Porto acquired Falcao for €3.9m from River Plate of Argentina in 2009, and sold him to Atletico Madrid for €40m euros two seasons ago. As part of his move to the Spanish club, €1.8 — about 5 %of the fee — went to Dutch financial holding company Natland Financieringsmaatschappij BV. Huh? Yup. A Dutch bank made profit from the transfer of a Colombian striker from a Portuguese club to a Spanish club. Globalization in a nutshell.
Falcao’s agent, Jorge Mendes and Peter Kenyon, former Chelsea chief executive, have also made nice profit from selling their Colombian stallion. Some barons and oligarchs, who figured out a way to get money from the football world without investing in a team, have also made great profits from the transfers of Falcao.

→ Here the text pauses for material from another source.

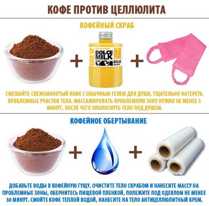 - Cà phê và đường. Thành phần có tác dụng tẩy tế bào chết nhẹ, nuôi dưỡng và làm đều màu da. Để chuẩn bị hỗn hợp cà phê-đường, bạn phải trộn 3 muỗng canh. đường, 1/4 tách cà phê xay, thêm 2 muỗng canh. dầu ô liu hoặc dầu dừa.

Nobody really knows how Falcao’s transfers have benefited the bank accounts of the world’s richest because in the murky business of third-party investment funds transparency is a bad word.

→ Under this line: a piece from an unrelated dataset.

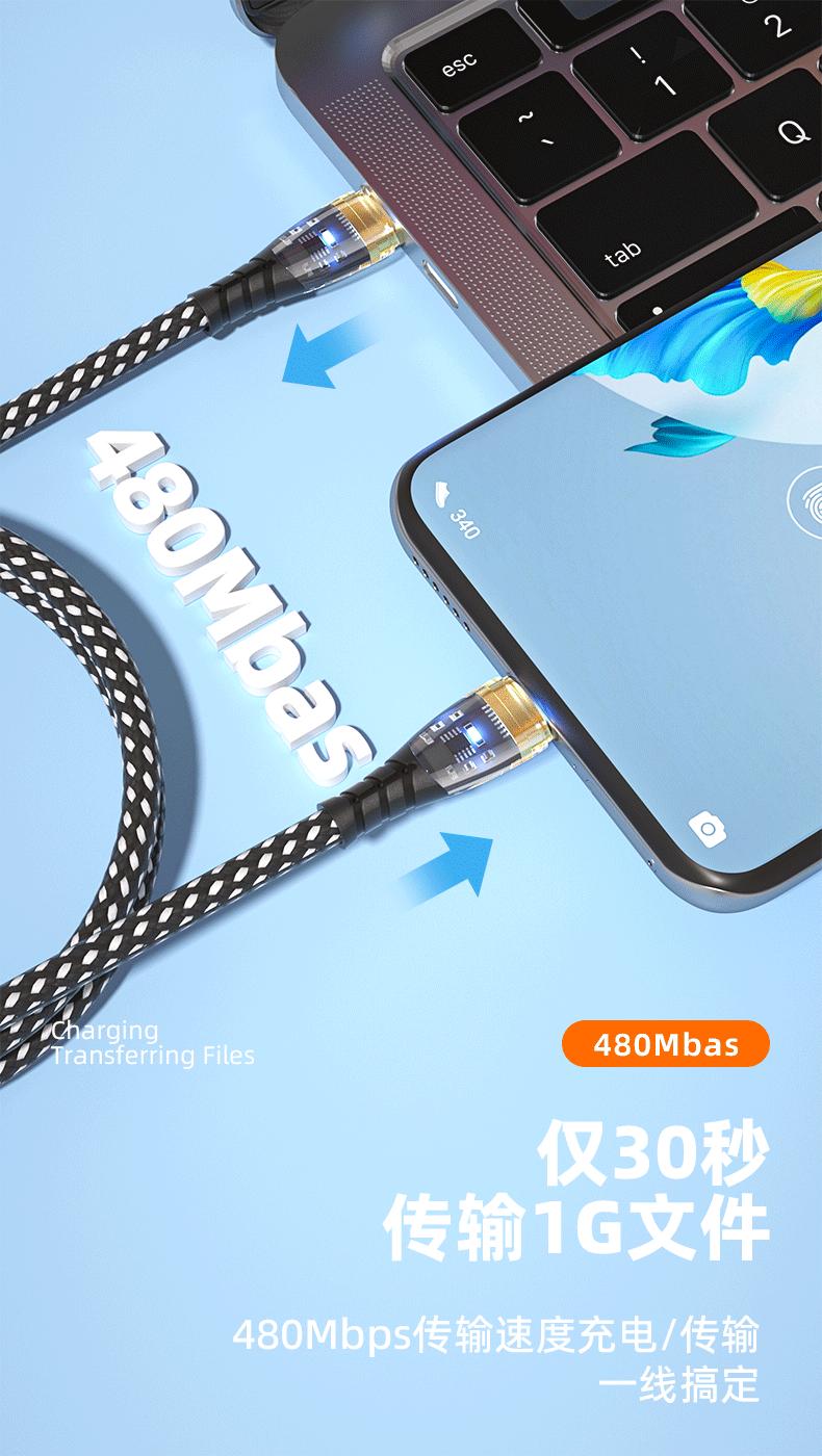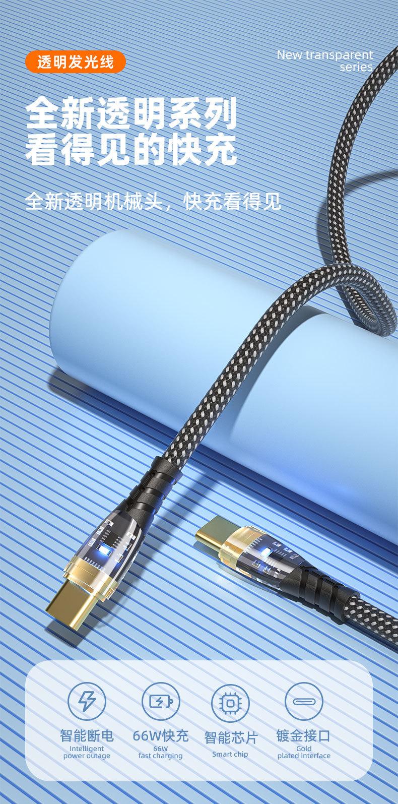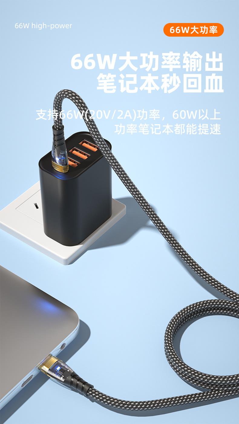 PD27W/66W para Carga Super Rápida Huawei Apple 14 Doble Boca C Cable de Datos Trenzado Transparente Emisor de Luz

Falcao will now join Monaco for about €60m. It’s an odd transfer that will prevent the Colombian striker from playing Champions League football for at least one more year.
Falcao was wanted by the best teams in the world. He could have certainly played for the best teams in the world. However, it won’t be happening for reasons that seem 100% financial.

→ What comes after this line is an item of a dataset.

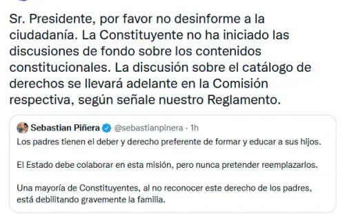 “Sr. Presidente, por favor no desinforme a la ciudadanía. La Constituyente no ha iniciado las discusiones de fondo sobre los contenidos constitucionales. La discusión sobre el catálogo de derechos se llevará adelante en la Comisión respectiva, según señale nuestro Reglamento”, puntualizó Bassa.

The “invisible hand” has signed Falcao’s contract at Monaco. I’m not really sure Falcao had a real say about that. Nobody knows if he was pressured to sign a contract with Monaco or who pressured him to do so. There are some very powerful people who bought “Falcao shares” and as shareholders they want to have a say.
There are some serious questions about the purity of this transfer. It seems that the sporting reasons are completely marginalized by the financial reasons.
3rd-party ownership should be totally transparent or totally banned.